About this exercise: A faithful copy is required. Print each line of the data exactly and omit the pictures.

Supplied records:
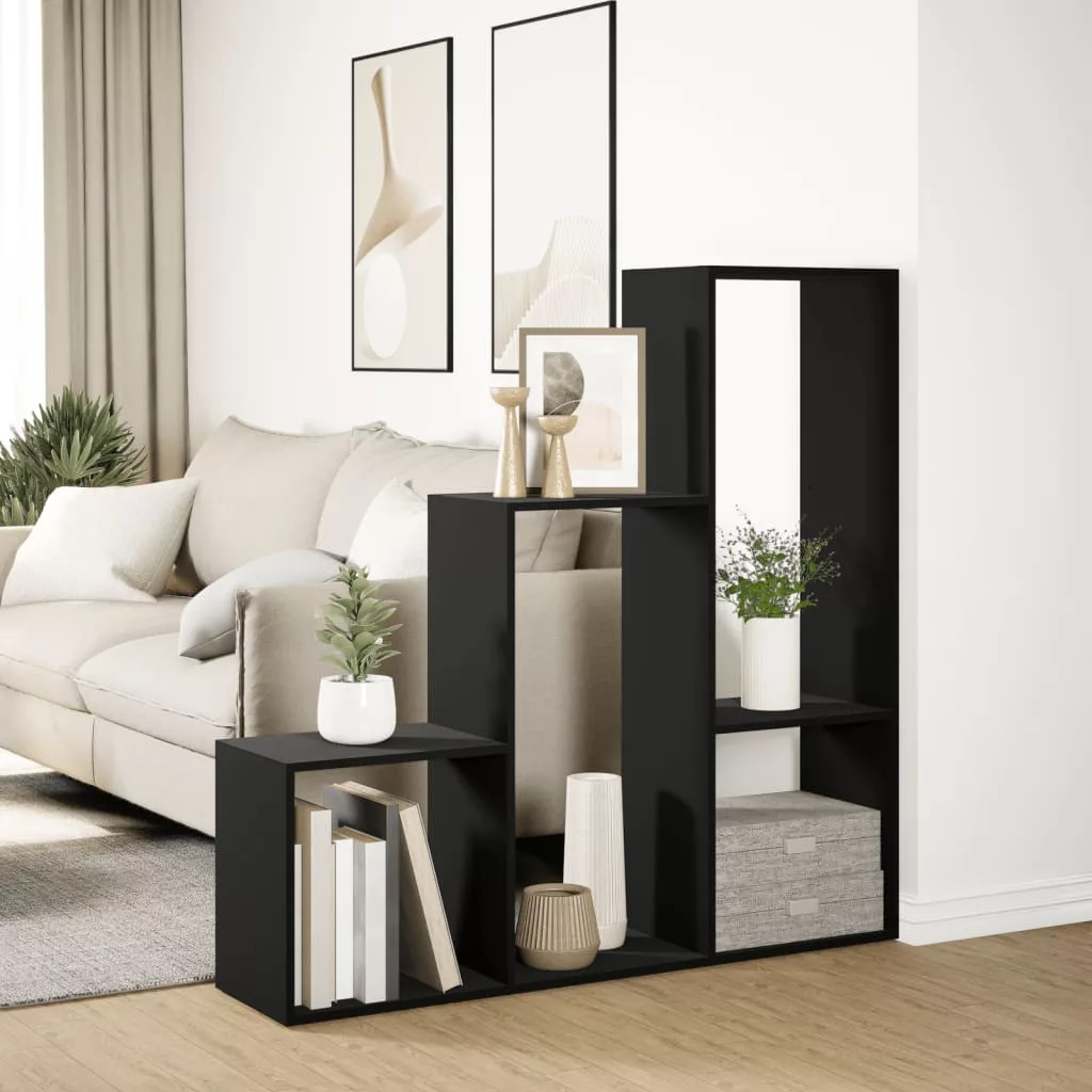 3 szintes fekete fa térelválasztó könyvespolc 123 x 29 x 123 cm
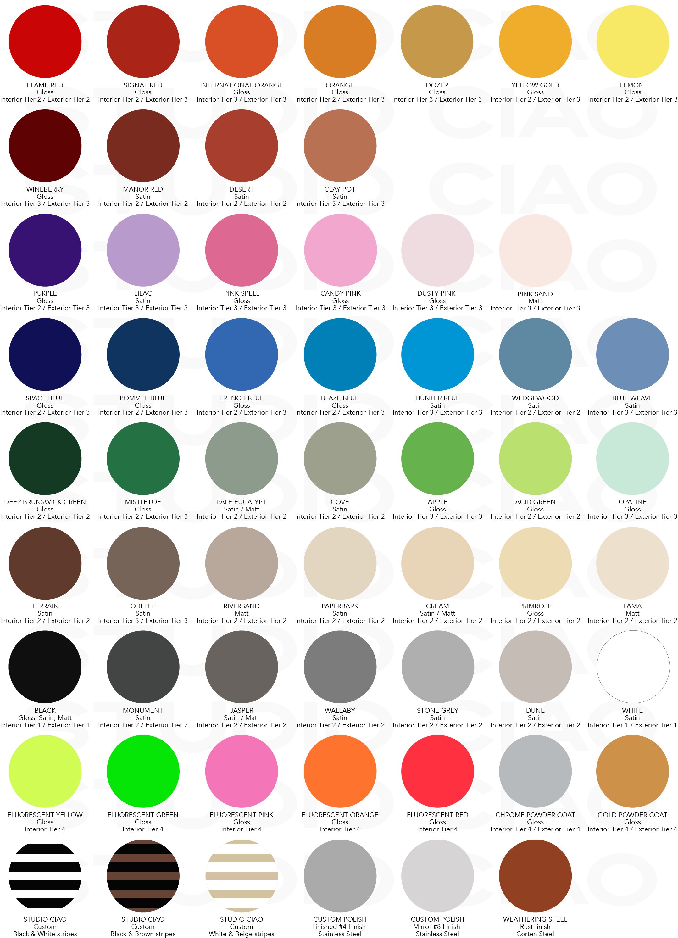 Tiered powder coat pricing structure listed below. Please refer to the below colour swatches as a guide only. High resolution swatches available for clients on request.
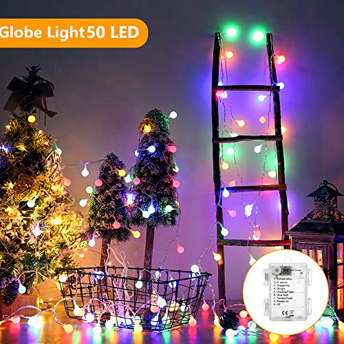 BrizLabs Catena Luminosa Globo 5M 50 LED Luci Stringa Natalizie 8 Modalità di Illuminazione Impermeabile, Bulbo Lampade per Interne, Esterno, Casa, Festa, Matrimonio, Giardino, Multicolore
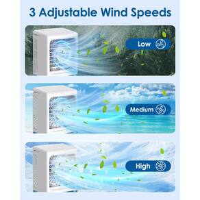 -?3 velocidades de vento?Personalize seu conforto com as três velocidades de vento deste refrigerador de ar portátil. A saída de ar ajustável permite que você direcione a brisa da maneira certa. Com controles fáceis no painel superior, é fácil para todos usarem
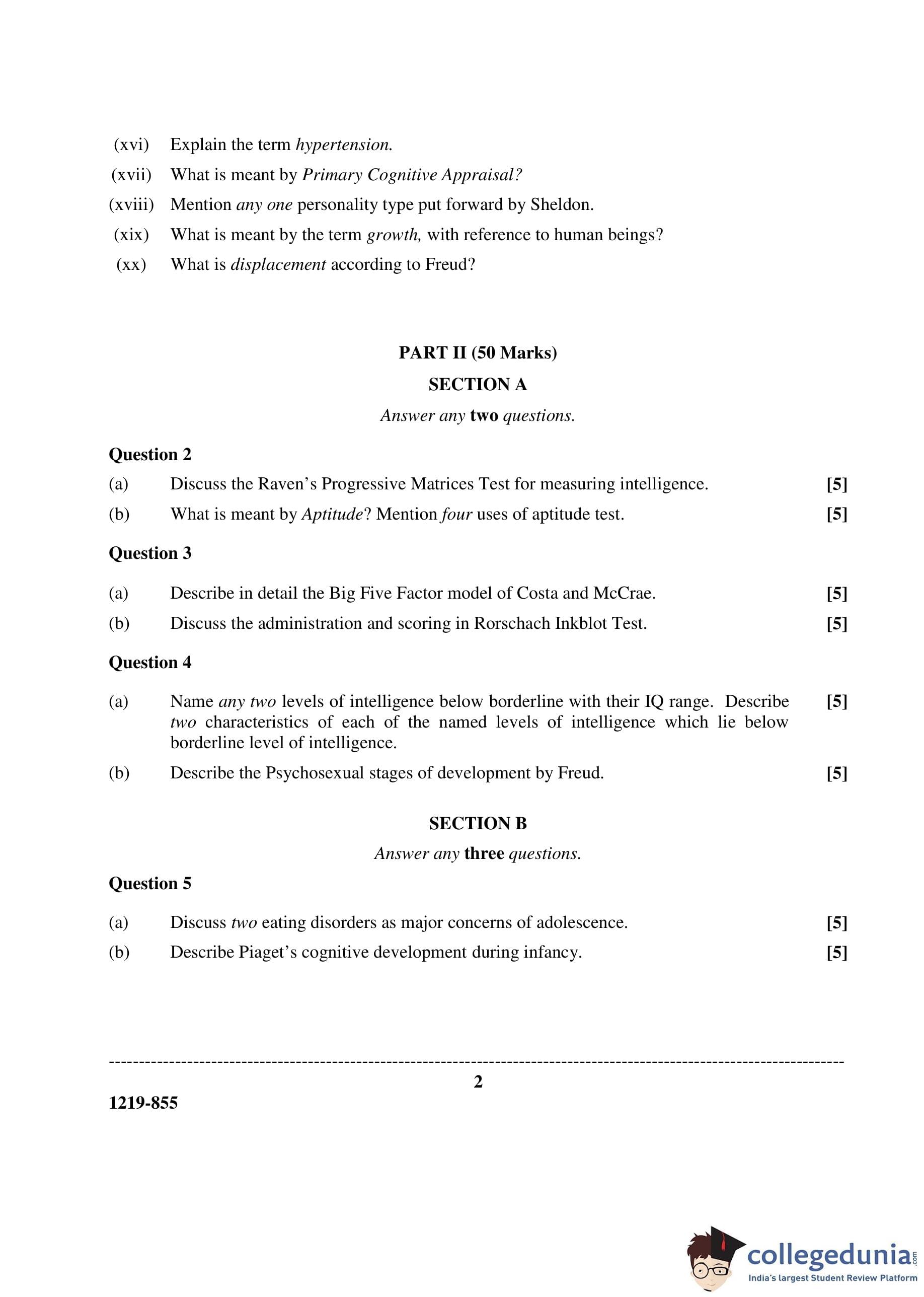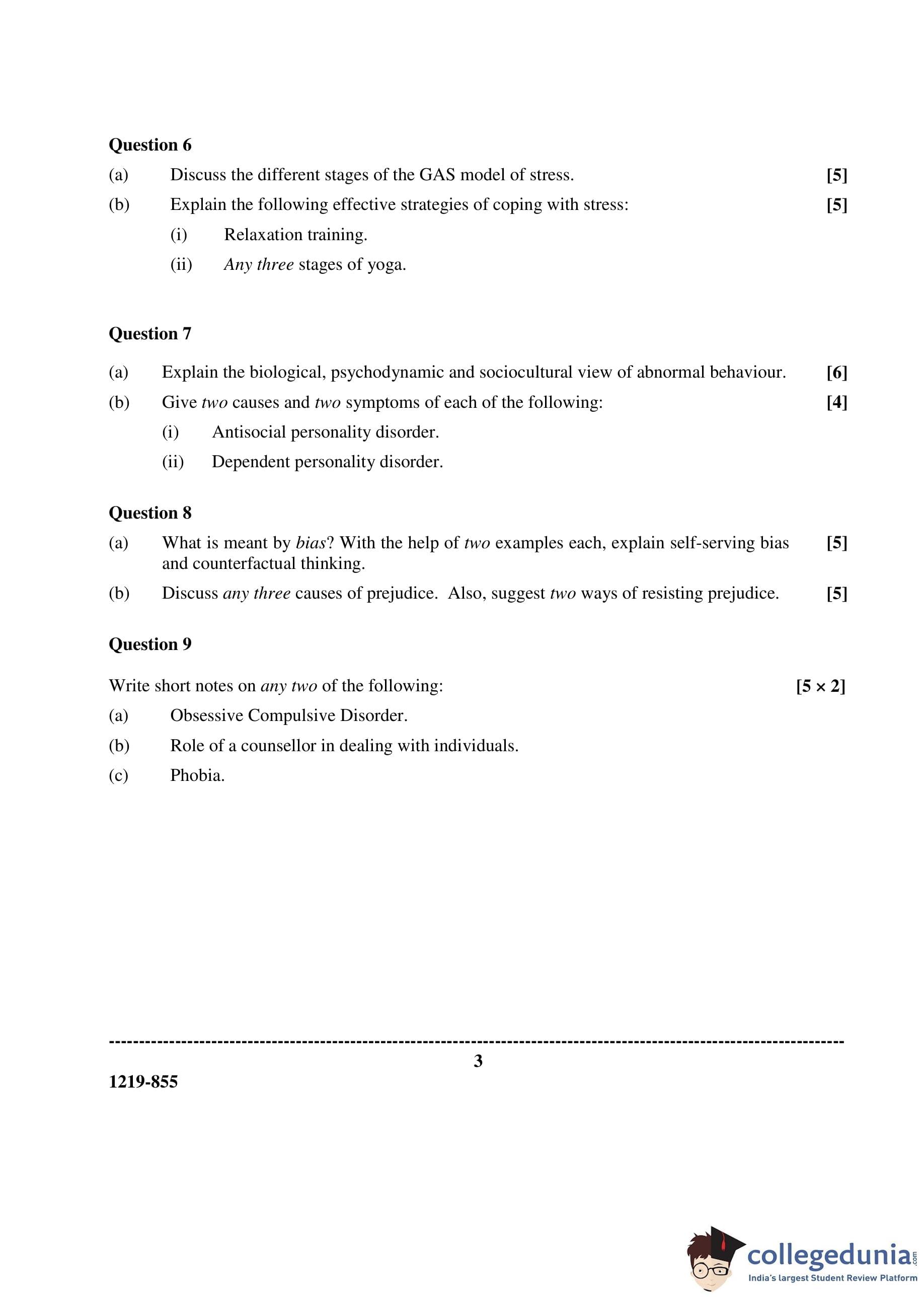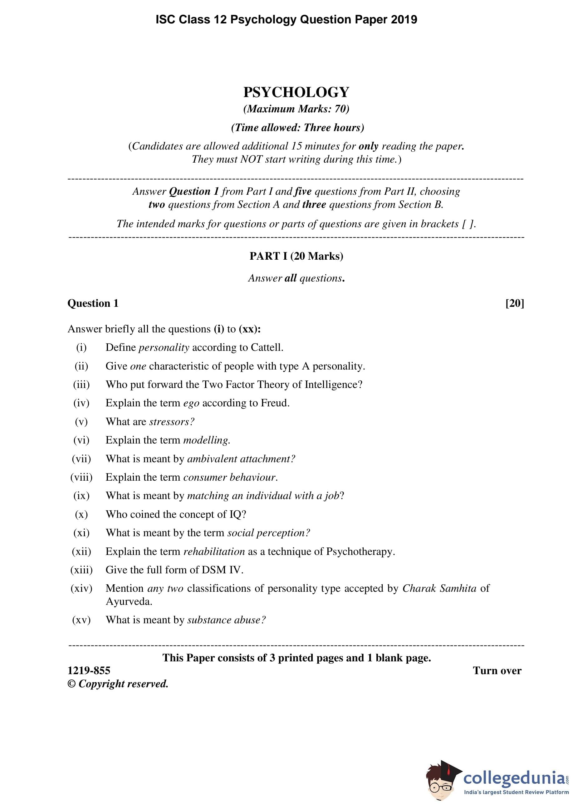 ISC Class 12 Psychology Question Paper 2019 with Answer Key
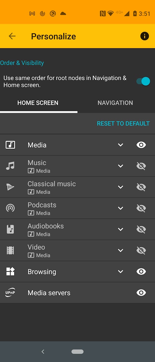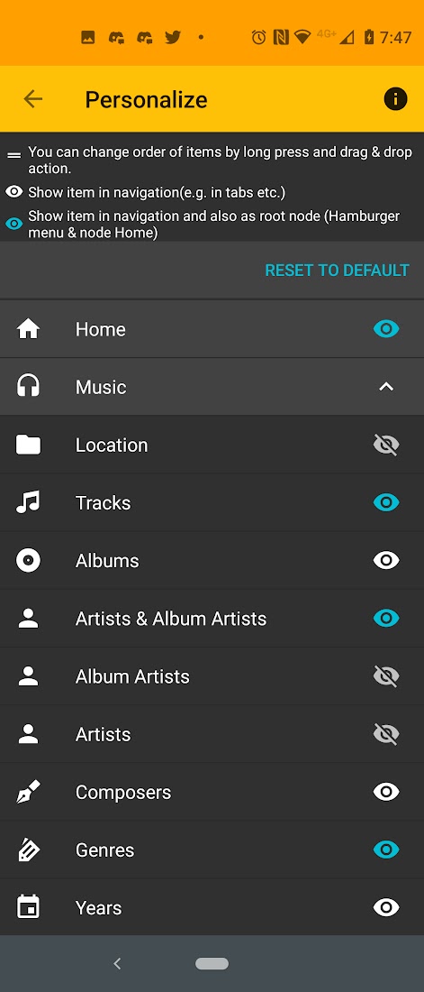 A new approach in 2.0.0.1011 build 1) only one screen for both navigation & home view 2)For root nodes without subnodes (e.g Playlists) there are just visible or invisible state 3)For child nodes like "Tracks" from "Music" there are three visible states. (Crossed out eye)1. INVISIBLE e.g. "Album Artists" node is invisible by default (White eye)2. VISIBLE - default for most nodes (Blue eye)3. VISIBLE AS ROOT - In this case, we can define what nodes will be accessible directly with one click from the navigation menu if only one subnode will be VISIBLE AS ROOT, then this node will be represented by the parent group in navigation. e.g. "Composers" from "Classical music" will be the only node VISIBLE AS ROOT by default. So in navigation, we will see "Classical music" which directly leads to "Composers" if there will be more subnodes selected e.g. "Tracks", "Artists" & "Genres", then all nodes will be visible in navigation with group indicator where those belong to. more info by new attached screenshots |
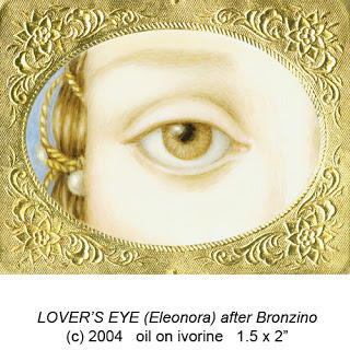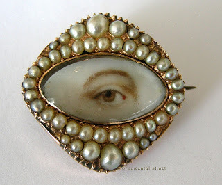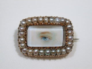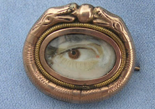 I first became aware of eye miniatures when I sat in on a presentation given by Candice Hern, as a matter of fact. This was some years ago at a Romance Writers of America conference. Candice's very fine website shows the eyes in her collection:
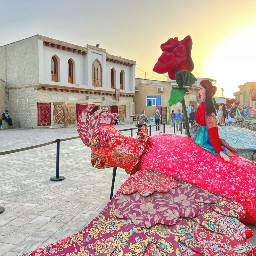 The Bukhara Puppet Procession installation is a collaborative project that merges folk puppetry, textile heritage and mythic storytelling.
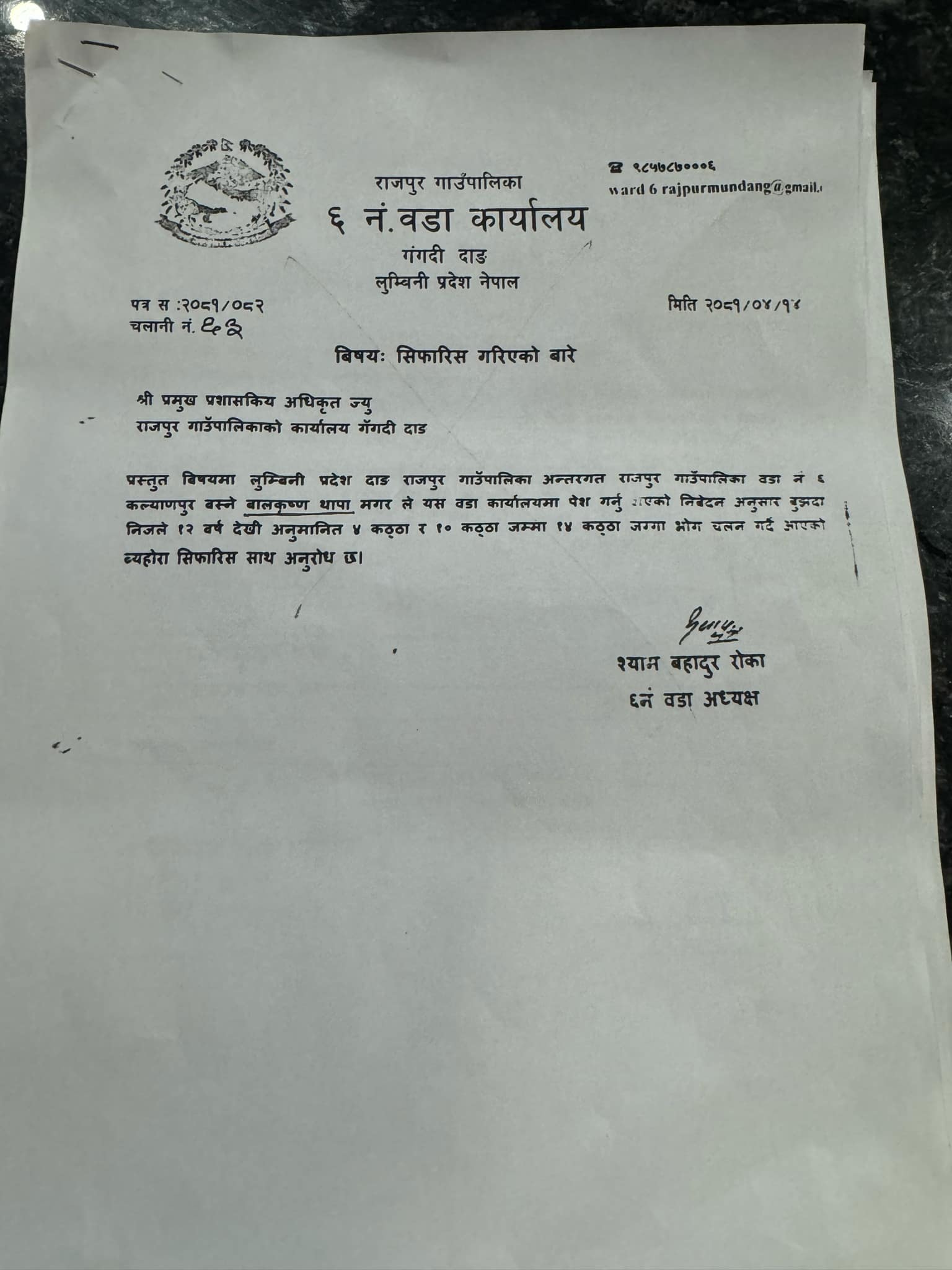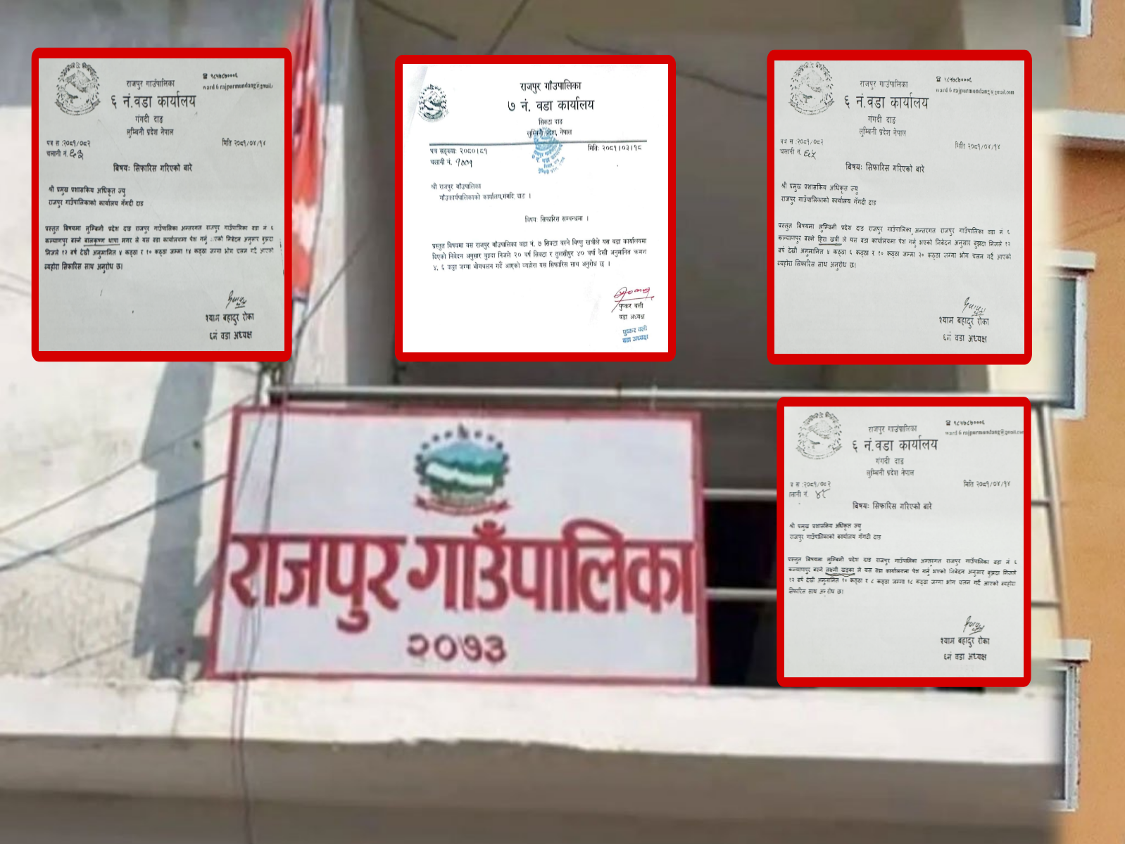 राजपुर गाउँपालिका वडा नं. ६ र ७ नम्वर वडा कार्यालबाट गैर भुमिहिन सुकुम्वासी व्यक्तिलाई जग्गा प्राप्तिका लागि सिफारिस गरेको खुलेको हो ।

Reply:
 3 szintes fekete fa térelválasztó könyvespolc 123 x 29 x 123 cm
 Tiered powder coat pricing structure listed below. Please refer to the below colour swatches as a guide only. High resolution swatches available for clients on request.
 BrizLabs Catena Luminosa Globo 5M 50 LED Luci Stringa Natalizie 8 Modalità di Illuminazione Impermeabile, Bulbo Lampade per Interne, Esterno, Casa, Festa, Matrimonio, Giardino, Multicolore
 -?3 velocidades de vento?Personalize seu conforto com as três velocidades de vento deste refrigerador de ar portátil. A saída de ar ajustável permite que você direcione a brisa da maneira certa. Com controles fáceis no painel superior, é fácil para todos usarem
 ISC Class 12 Psychology Question Paper 2019 with Answer Key
 A new approach in 2.0.0.1011 build 1) only one screen for both navigation & home view 2)For root nodes without subnodes (e.g Playlists) there are just visible or invisible state 3)For child nodes like "Tracks" from "Music" there are three visible states. (Crossed out eye)1. INVISIBLE e.g. "Album Artists" node is invisible by default (White eye)2. VISIBLE - default for most nodes (Blue eye)3. VISIBLE AS ROOT - In this case, we can define what nodes will be accessible directly with one click from the navigation menu if only one subnode will be VISIBLE AS ROOT, then this node will be represented by the parent group in navigation. e.g. "Composers" from "Classical music" will be the only node VISIBLE AS ROOT by default. So in navigation, we will see "Classical music" which directly leads to "Composers" if there will be more subnodes selected e.g. "Tracks", "Artists" & "Genres", then all nodes will be visible in navigation with group indicator where those belong to. more info by new attached screenshots |
 I first became aware of eye miniatures when I sat in on a presentation given by Candice Hern, as a matter of fact. This was some years ago at a Romance Writers of America conference. Candice's very fine website shows the eyes in her collection:
 The Bukhara Puppet Procession installation is a collaborative project that merges folk puppetry, textile heritage and mythic storytelling.
 राजपुर गाउँपालिका वडा नं. ६ र ७ नम्वर वडा कार्यालबाट गैर भुमिहिन सुकुम्वासी व्यक्तिलाई जग्गा प्राप्तिका लागि सिफारिस गरेको खुलेको हो ।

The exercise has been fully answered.